And no, I’m not talking Eggo’s here.
I’m talking the three blogs where I’m all “YAY RECOVERY!” quickly followed by the three blogs where I’m all “OMG I’m like, such a fatty and recovery is stupid and I’m just going to die from this ED but like, I’ll be freaking THIN.” These kinds of waffles are intensely obnoxious both for those of us (i.e., ME) who are going back and forth all the dang time, as well as those poor souls (i.e., YOU) who are forced to listen to such crap.
I guess I’m just wondering when I’ll think that recovery is really worth it. Worth it even if I gain more weight, worth it even if I have to cry through meals for another week or month or year, worth it even if I feel like these emotions are going to KILL ME if I have to feel them another day. I like to think that I’m working for recovery and making progress. And we talked this week in support group that even if you are on a slight downswing in recovery, you’re never “going backwards” because you can’t unlearn what you’ve learned. It’s a nice idea, really, I’m just not sure I buy into it.

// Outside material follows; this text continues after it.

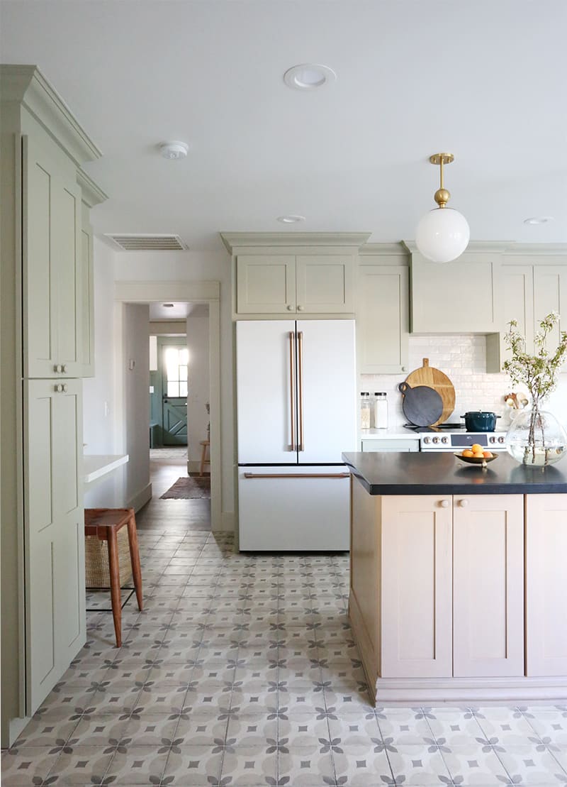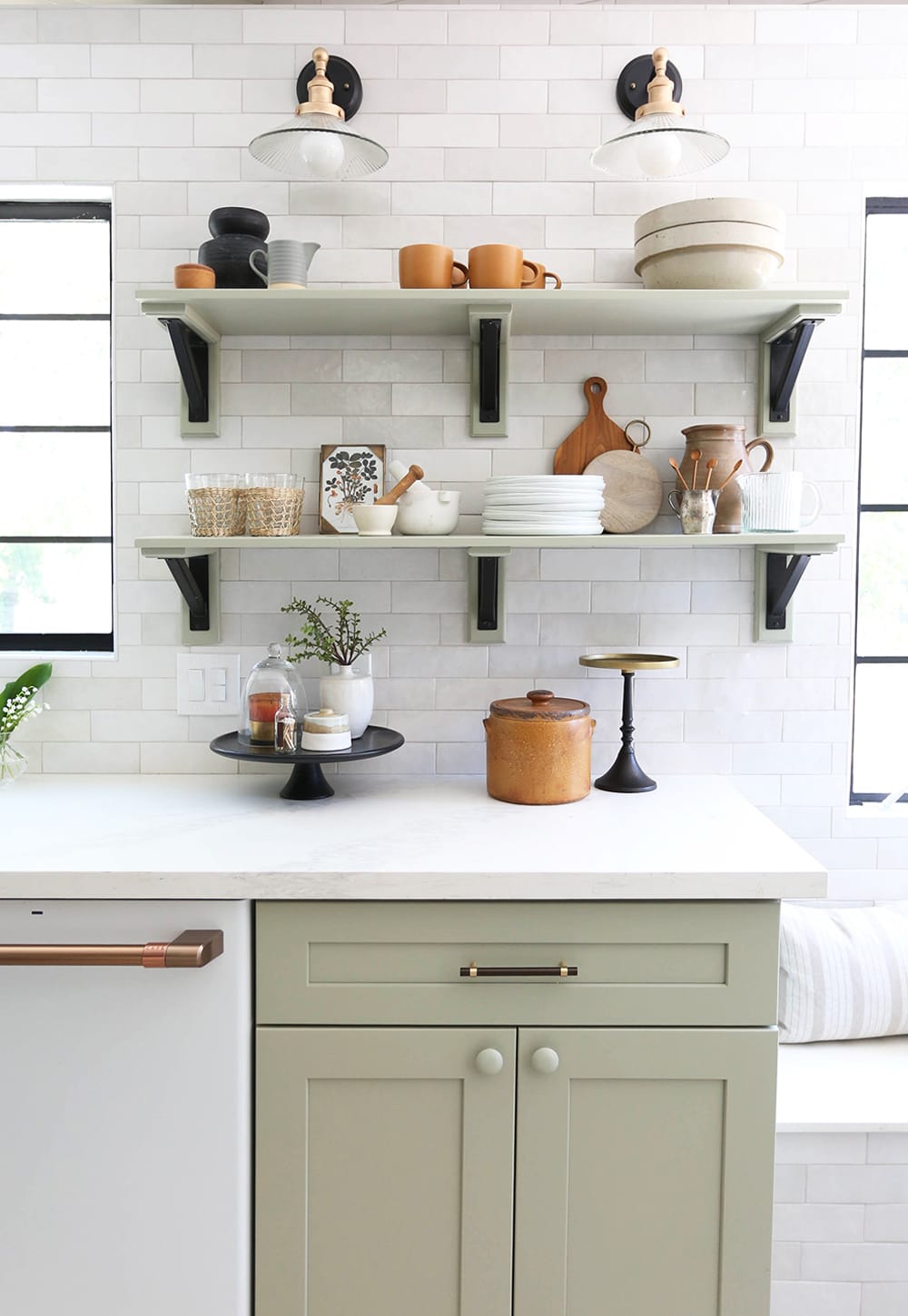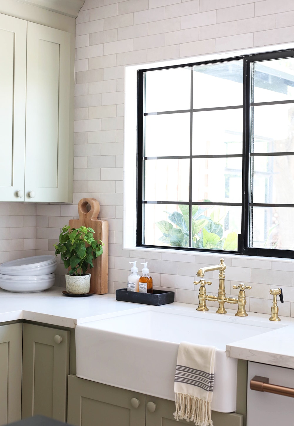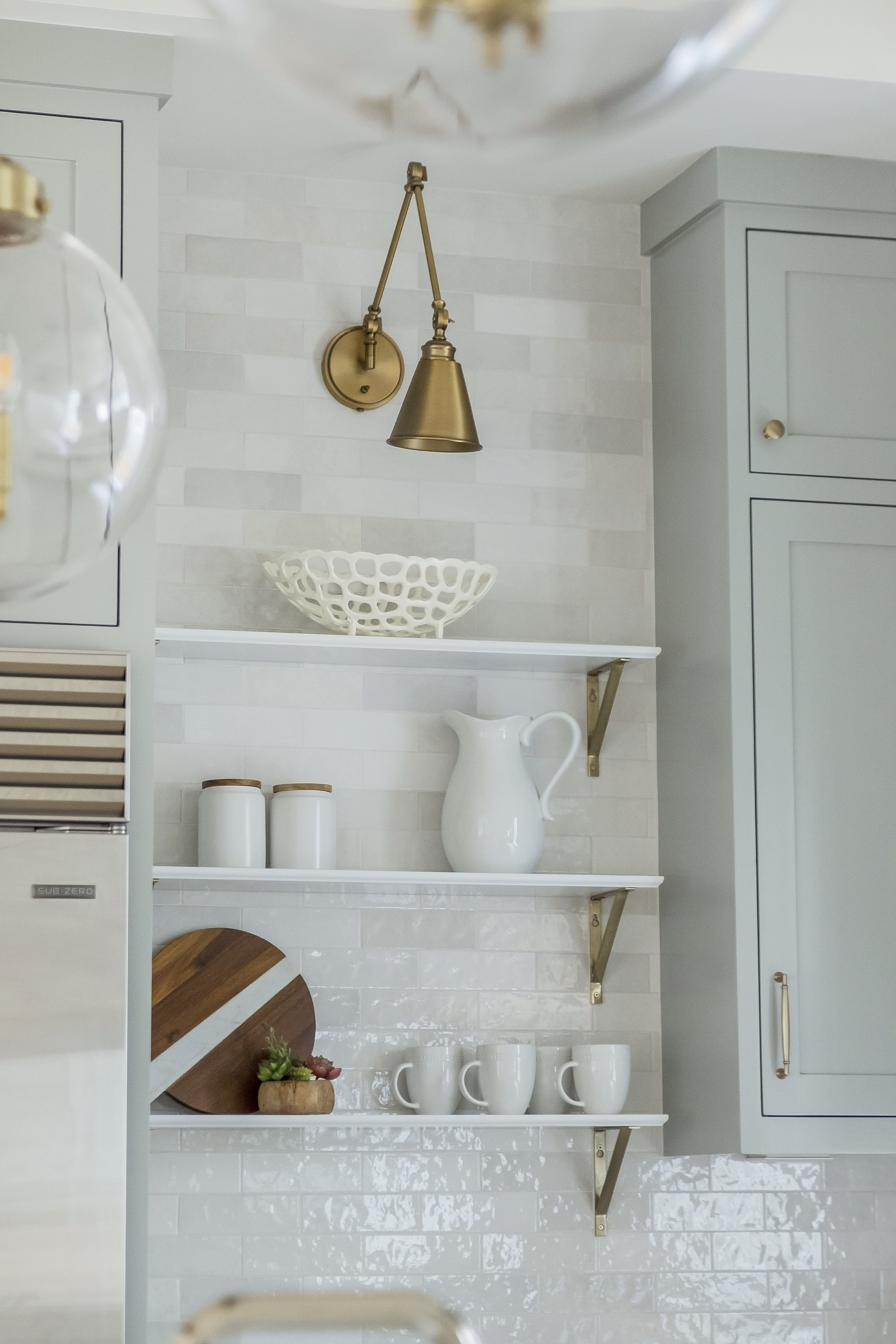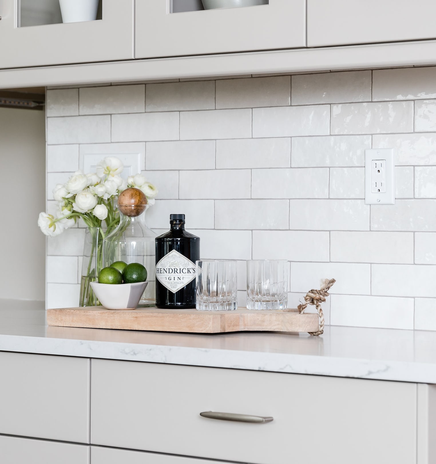House flipper Jenny Komenda designed a kitchen with white, warm beige and tan colors with Cloe in White as the wall tile, even using it on the bench of the breakfast nook. She chose an alabaster-colored grout to give detail to the tile that helped bring the warm colors in the room together.

I don’t know how else to term it other than “going backwards” when I find myself crying over my new meal plan, skipping meals, working out like it’s my job. I don’t know how else to term it other than “going backwards” when I notice these things and think, “Let’s just see where this goes. It won’t be that bad this time, I’m sure.” I don’t know how else to term it other than “going backwards” when I start looking for ways to “outsmart” my treatment team and lose a few pounds.
What the heck else do you call it?
If I had to guess?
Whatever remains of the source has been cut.